When copying the data below, keep only the lines from the one with "Хто рушає? Хто" through the one with "For børnene er", word for word, and skip the pictures.
◆ ◆ ◆ ◆ ◆
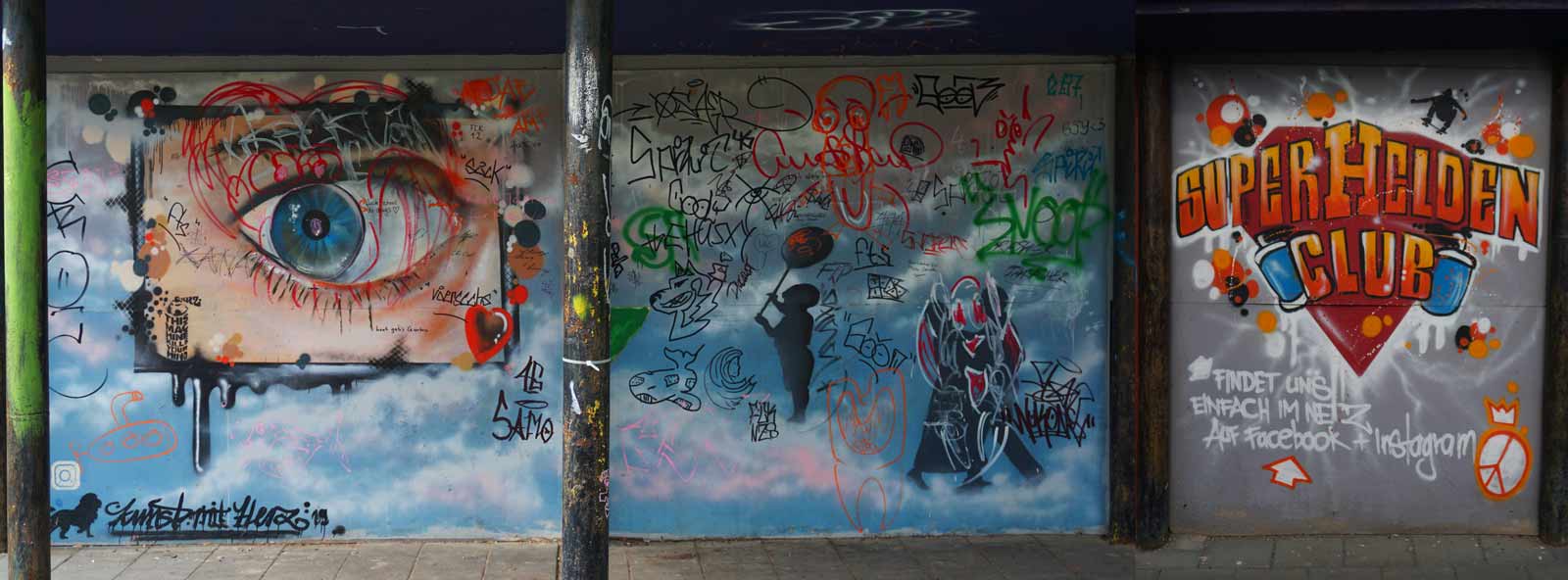 Sie ist einfach da, manchmal unbemerkt, oft temporär, machmal außergewöhlich und hin und wieder nah am Kitsch: Kunst im öffentlichen Raum. Sie ist ein Spiegel einer jeden gelebten Epoche der Gesellschaft und damit wertvoll und erhaltenswert. Grund genug, um ins Archiv zu gehen und diese Zusammenstellung zu zeigen. Es handelt sich hier nicht um eine vollständige und geordnete Auswahl an Wandbildern - vielmehr soll hier die Vielfalt der kreativen Arbeiten gezeigt werden - unabhängig vom Wert und der Einordnung für die Kulturgeschichte. Nicht bei allen Arbeiten konnten Urheber ermittelt und zusätzliche Informationen eingeholt werden. Sollte jemand sich und seine Arbeiten wiedererkennen, bin ich sehr dankbar, wenn sich dieser bei mir meldet. Die Kontaktdaten stehen im Impressum dieser Website.
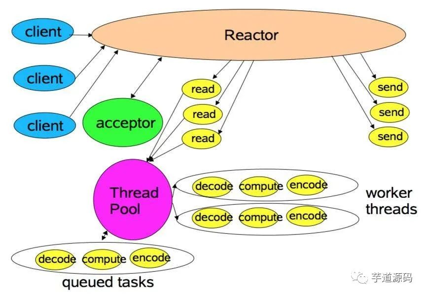 而Reactor模式则没有Queue来做缓冲,每当一个事件输入到Service Handler之后,该Service Handler会主动根据不同的Evnent类型将其分发给对应的Request Handler来处理。
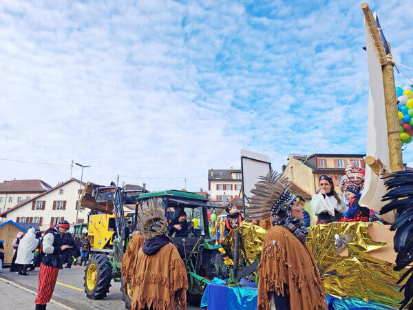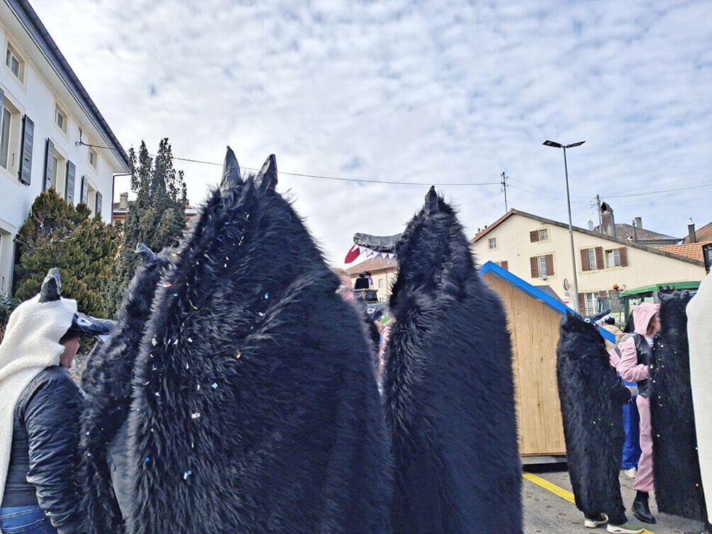 Хто рушає? Хто йде та їде? Тут і швейцарські національні типи, місцеві танці та костюми – наприклад, учасники перебрані на вовків, ведмедів та інших тварин. Є в гігантських костюмах півників, курей, курчат… Це й натяк на господарство, і на звичаї – адже в горах кожна комуна називається по-різному. У кожної – свій герб і тотем, це ж саме стосується сіл. Тут є й «Вовки», і «Бики», і «Бджоли», і ще багато хто мешкає на масиві Жура та в Альпах. А ще бачимо персонажів, чиї костюми і маски нагадують кельтські та германські. Так, у цих місцях пам’ятають своє коріння та витримують одяг у стилі.
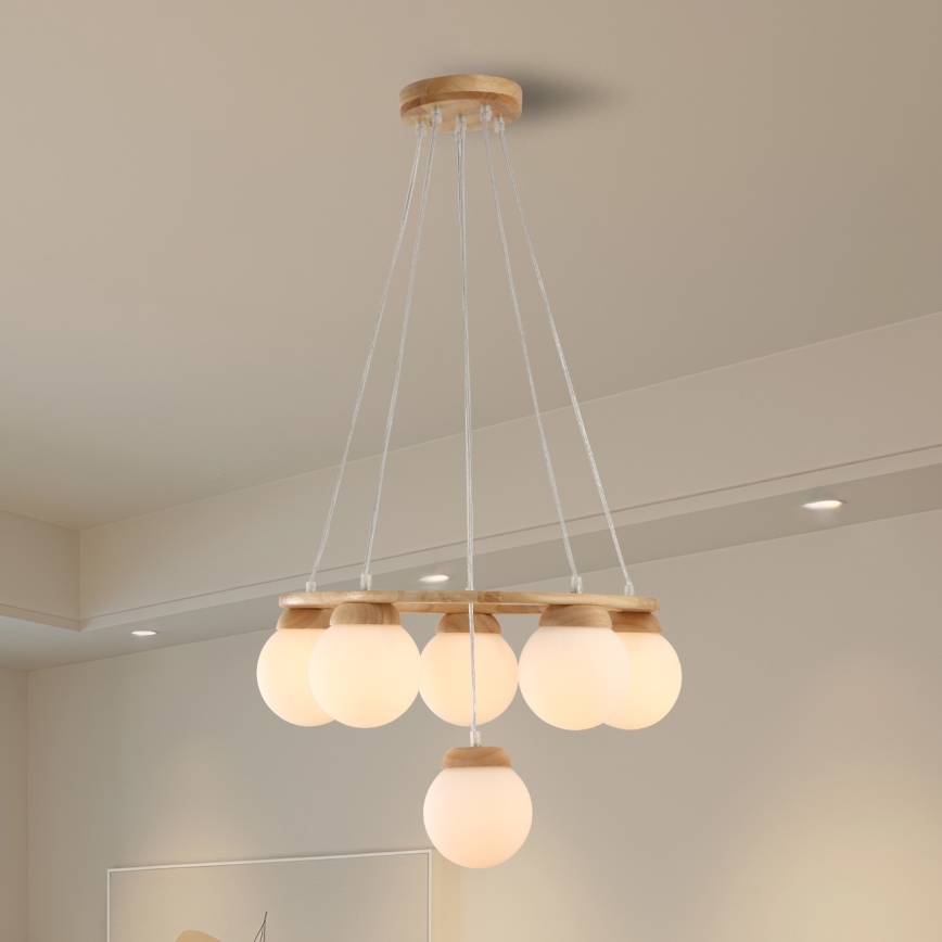 Brilagi - Karājamā lustra uz vada VISBY WOOD 6xE27/60W/230V Ø 58 cm, koka
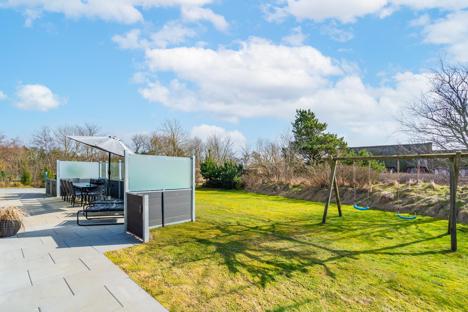 For børnene er der en gynge i haven, og i depotrummet er der ekstra plads til cykler eller golfudstyr.
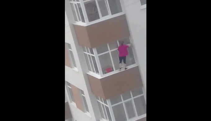 “Todo sea por la limpieza” parece ser el lema de esta ama de casa captada limpiando unos ventanales a varios pisos de altura. Las imágenes captadas en Moldavia, muestran a la mujer sin ningún tipo de protección o prenda de sostenimiento. Al final del clip la señora vuelve a ingresar al apartamento con absoluta facilidad.
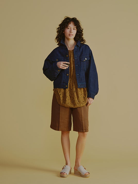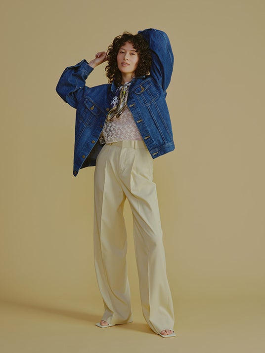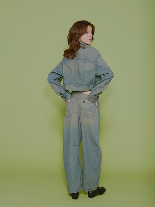 トレンドのクロップド丈と、ヴィンテージの感あるカラーリングがかわいいデニムジャケット。デニムパンツとのセットアップがおすすめです。
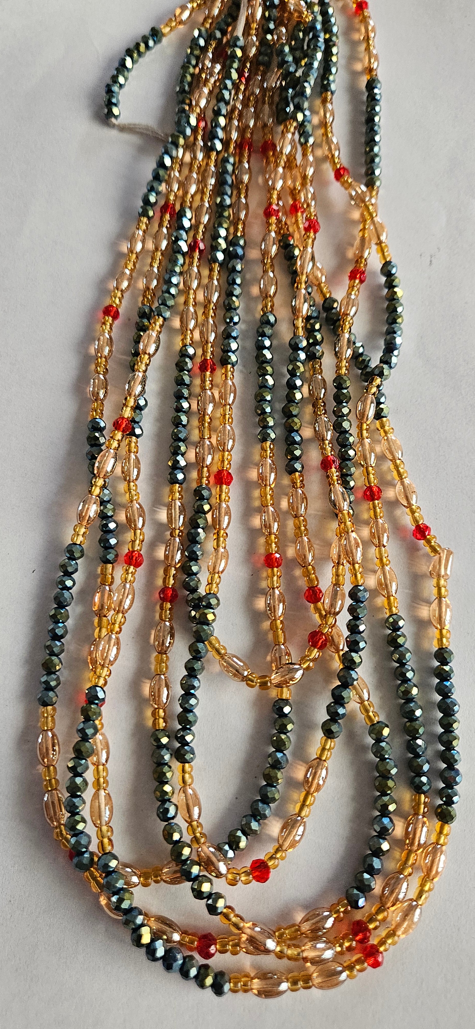 Voeg een vleugje Ghanese cultuur en elegantie toe aan uw stijl met onze prachtige Ghanese taillekralen. LET OP:  ketting moet u zelf vast maken is niet van elastiek.
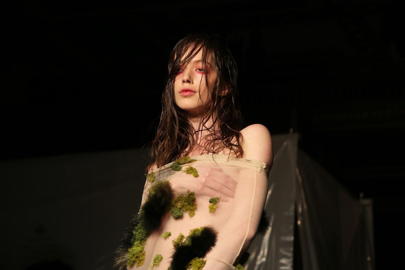 Alva Johnson challenged the traditional conventions of fashion with her displaced garments in earthy tones draping off the models bodies. Her 'Bodydressed' collection used bodystockings to contrast with the undressed feel of her garments.
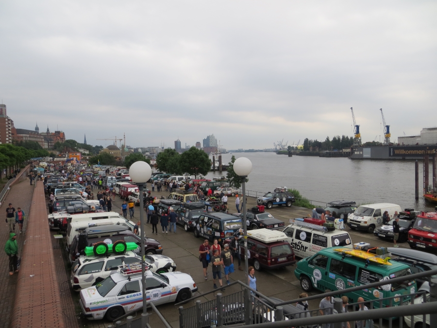 Um 10:00 Uhr füllte sich so langsam der St.Pauli-Fischmarkt, es kamen Teams von „ganz normal“ bis zu völlig kuriosen Fahrzeugen an. Auch hier wieder ein reger Austausch, teilweise kannte man sich schon aus den sozialen Netzwerken, jetzt in echt.
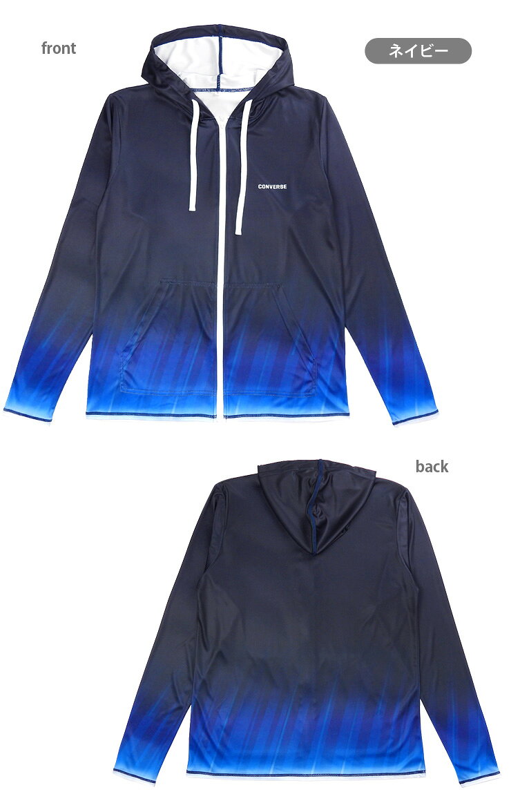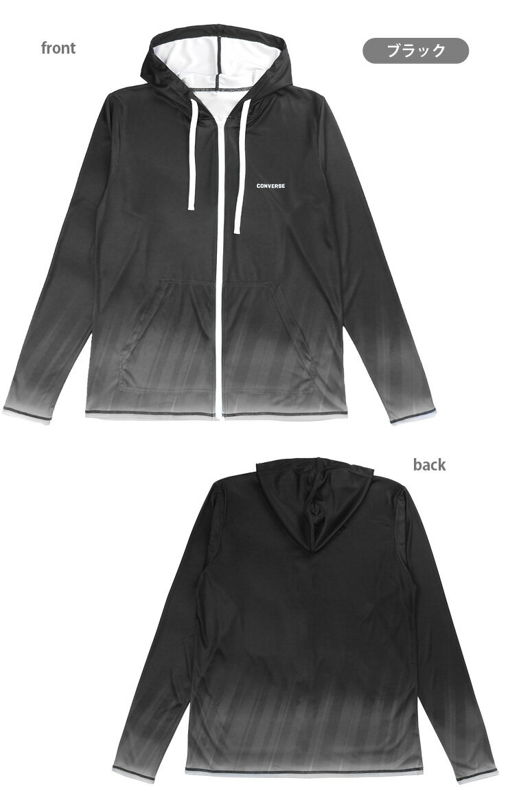 【エントリーでポイント10倍】CONVERSE フード付き 長袖 ラッシュガード 水着 メンズ M L LL ブラック ネイビー ブルー 835402 コンバース ラッシュパーカー ジップアップ ジッパー ファスナー 前開き UPF50+ UVカット 紫外線防止 グラデーション 黒 紺 青 大きいサイズあり
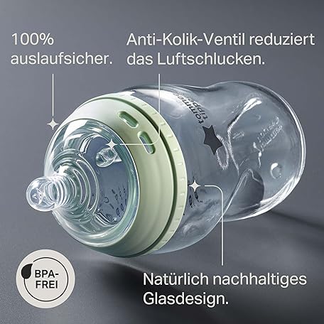 Sản phẩm Tommee Tippee -Baby bottle, Natural Start anti-colic bottle made of glass, 250 ml, breast-like teat, anti-colic valve, self-sterile, accessories, pack of 1 đang được bán với giá ưu đãi là $16.4917 tại nước Đức.
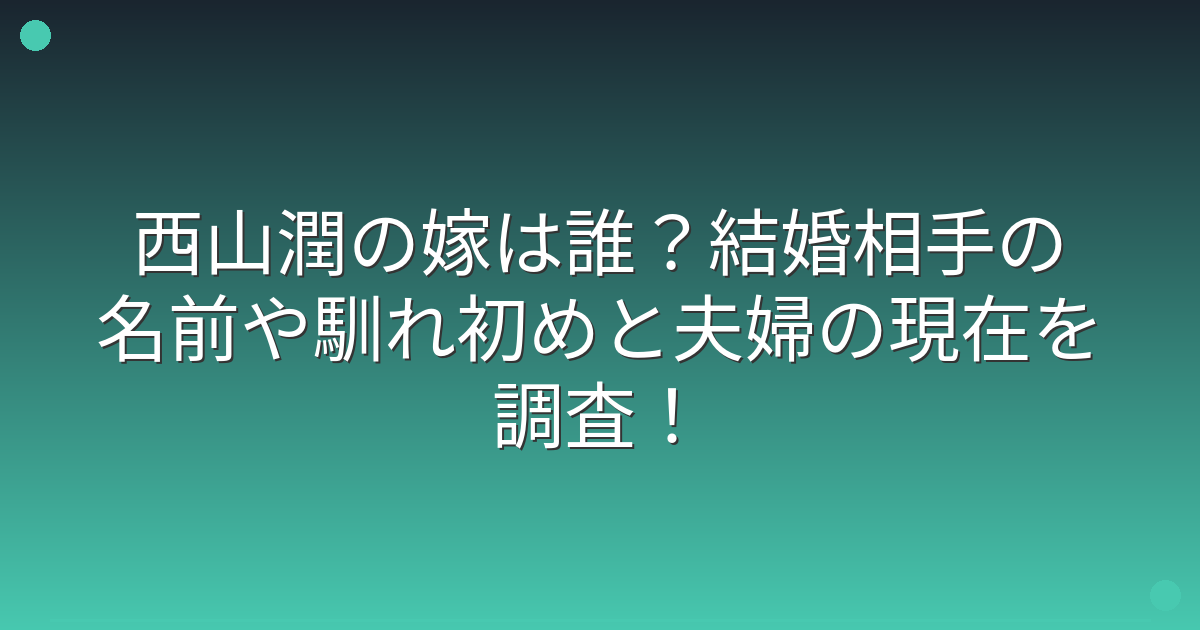 西山潤さんの嫁について、まず気になるのは結婚相手が誰なのかという点ですよね。
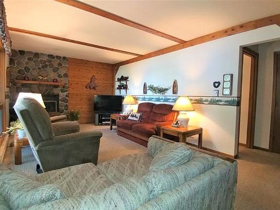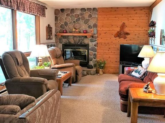 Awesome sunsets, west facing, level lot, 170' of sandy frontage, clear lake. How does it sound so far? The house has 2 BR/1 BA with a large finished rec room downstairs that could be used as additional sleeping quarters. The basement has walkout access. A fireplace in the living room and a wood burning stove in the basement. The 10'x32' deck and the large windows in the living room present a picturesque view of the lake and surrounding nature. A large garage provides room to store the toys. The well maintained house has served as the full time residence for the current owners for the past 24 years, being turn key it will allow for leisure time as soon as you move in. Pride of ownership shows with the well kept home and grounds. Located between Rhinelander, Eagle River, and St. Germain. Sugar Camp puts you in the heart of the Northwoods activity. Snowmobile, atv, biking, and hiking trails nearby. The motivated seller is including small fishing boat & furnishings negotiable.
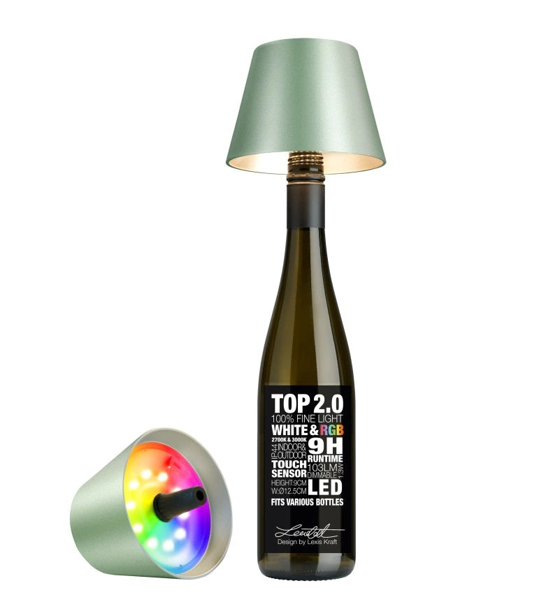 Sompex Top 2.0 flessenlamp led met accu in kleur metallic groen. De Top 2.0 lamp maakt van elke wijnfles, olijfoliefles of bv kruik een fraaie tafellamp. De lamp kan ingesteld worden op kouder en warmer wit licht en een aantal andere lichtkleuren. Bewaar je een champagnefles als herinnering aan een mijlpaalverjaardag of een simpele bierfles omdat deze is geleegd op een onvergetelijk feest? Dit oude glas kan nu een heel bijzonder lichtobject worden - met de TOP-decoratielamp van Sompex! Dankzij de conische vorm past de siliconen stop in de meest uiteenlopende flessenhals - zo tovert u in een mum van tijd stijlvolle verlichting met een unieke uitstraling tevoorschijn. De traploos dimbare TOP 2.0 werkt draadloos op ingebouwde accu en kan zowel binnen als buiten voor warm licht zorgen. De TOP 2.0 wordt geleverd in een mooie ronde verpakking, die anders alleen bekend is van fijne flessen - een perfect cadeau. Wordt geleverd zonder fles.
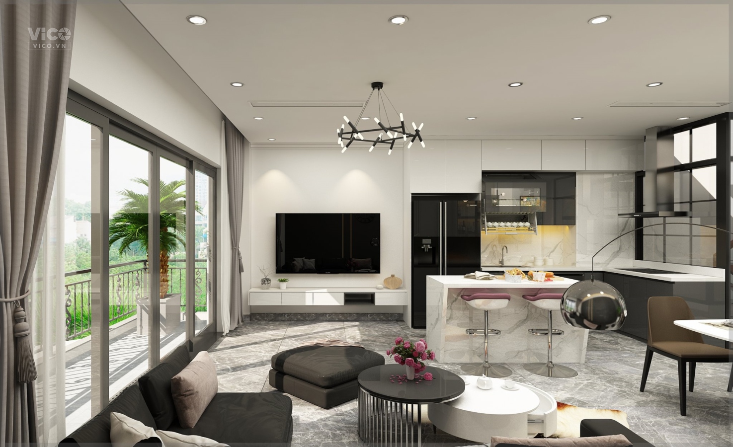 + Tầng 4: Bếp + phòng khách.
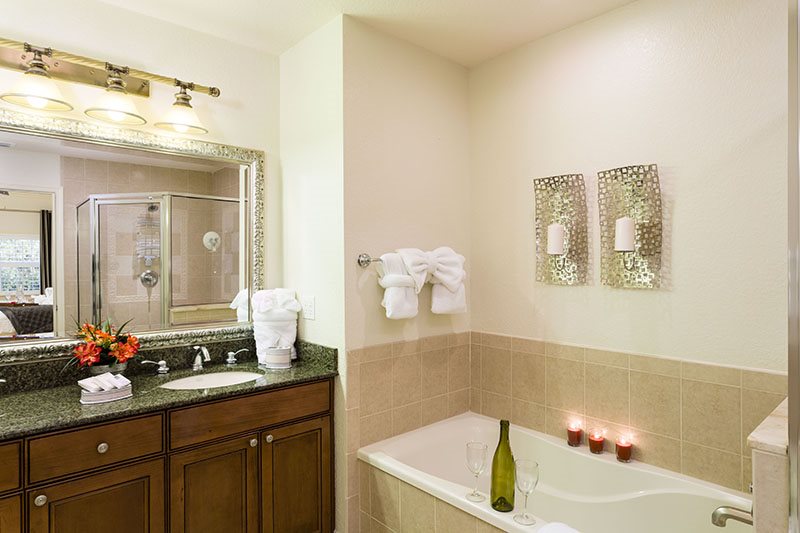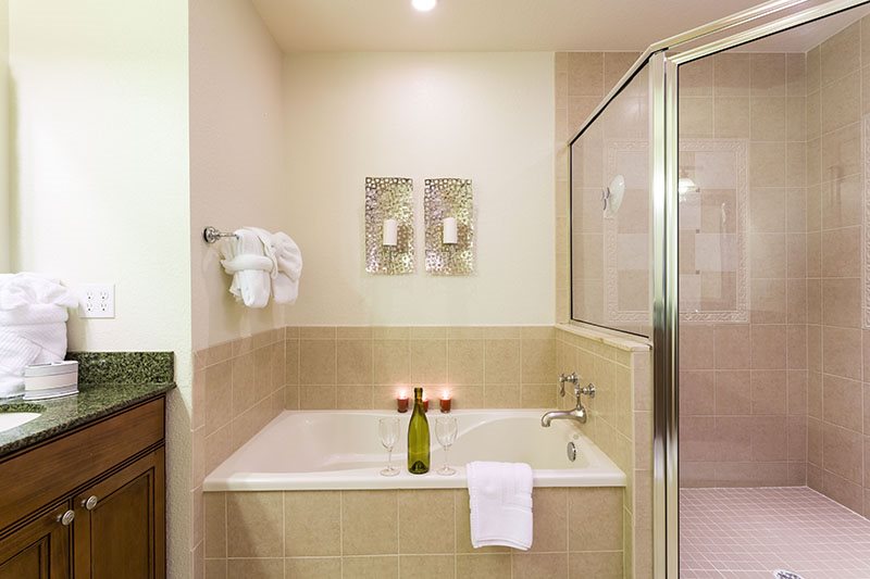 The Master en-suite bedroom has a luxury King bed, complete with a large 40" LED TV and Blu-Ray player. There is a large walk-in closet, an electronic safe, and a large en-suite bathroom with dual sinks, a bathtub, and a walk-in separate shower.
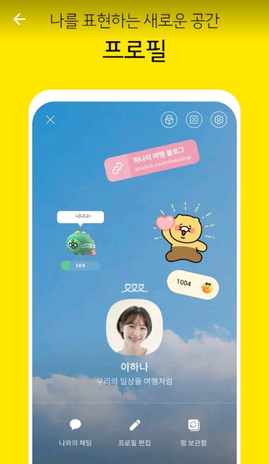 5. 다음으로 나를 표현하는 새로운 공간이라는 문구가 뜨고, 프로필 설정 화면이 나옵니다. 여기서는 프로필 사진을 설정하고, 상태 메시지를 입력할 수 있어요. 나만의 개성을 표현할 수 있어서 좋습니다. 프로필 꾸미는 재미가 쏠쏠합니다.
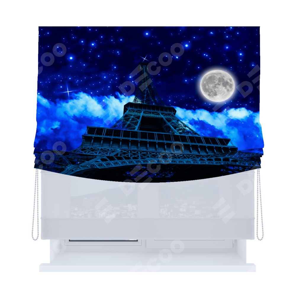 Римская штора день-ночь производителя «Cortin», используется для проёма, пошита из двух полотен, с лицевой блэкаут с нанесением сублимационной печати «Ночь в Париже», вторая ткань тюль (по стандарту комплектуется тюль белого цвета артикул V-01). Имеет универсальный механизм и подходит для монтажа: на потолок, на стену и в нишу. Удобное управление каждой шторой отдельно.
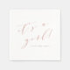 Söt och elegant babyduschnapkin har designen "det är en flicka" i kalligraftexten för chic dammig rosa, med namn under i mjuk grått kursiv stil.
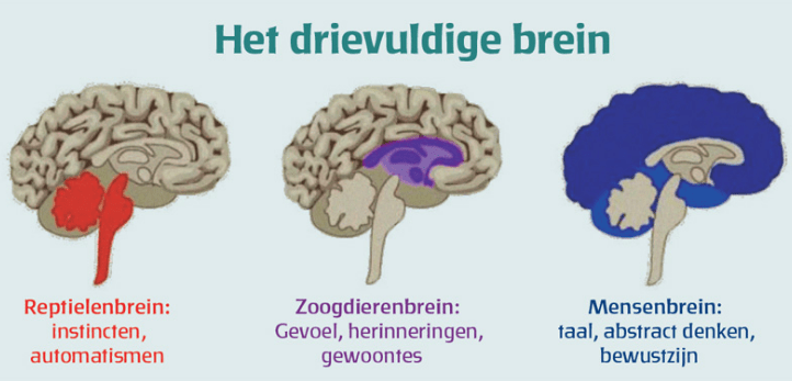 - Afbeelding gekopieerd van: Veldhuizen, R. (2020). Ons reptielenbrein. Stichting Skepsis. https://skepsis.nl/reptielenbrein/
◆ ◆ ◆ ◆ ◆
YOUR SOLUTION
 Хто рушає? Хто йде та їде? Тут і швейцарські національні типи, місцеві танці та костюми – наприклад, учасники перебрані на вовків, ведмедів та інших тварин. Є в гігантських костюмах півників, курей, курчат… Це й натяк на господарство, і на звичаї – адже в горах кожна комуна називається по-різному. У кожної – свій герб і тотем, це ж саме стосується сіл. Тут є й «Вовки», і «Бики», і «Бджоли», і ще багато хто мешкає на масиві Жура та в Альпах. А ще бачимо персонажів, чиї костюми і маски нагадують кельтські та германські. Так, у цих місцях пам’ятають своє коріння та витримують одяг у стилі.
 Brilagi - Karājamā lustra uz vada VISBY WOOD 6xE27/60W/230V Ø 58 cm, koka
 For børnene er der en gynge i haven, og i depotrummet er der ekstra plads til cykler eller golfudstyr.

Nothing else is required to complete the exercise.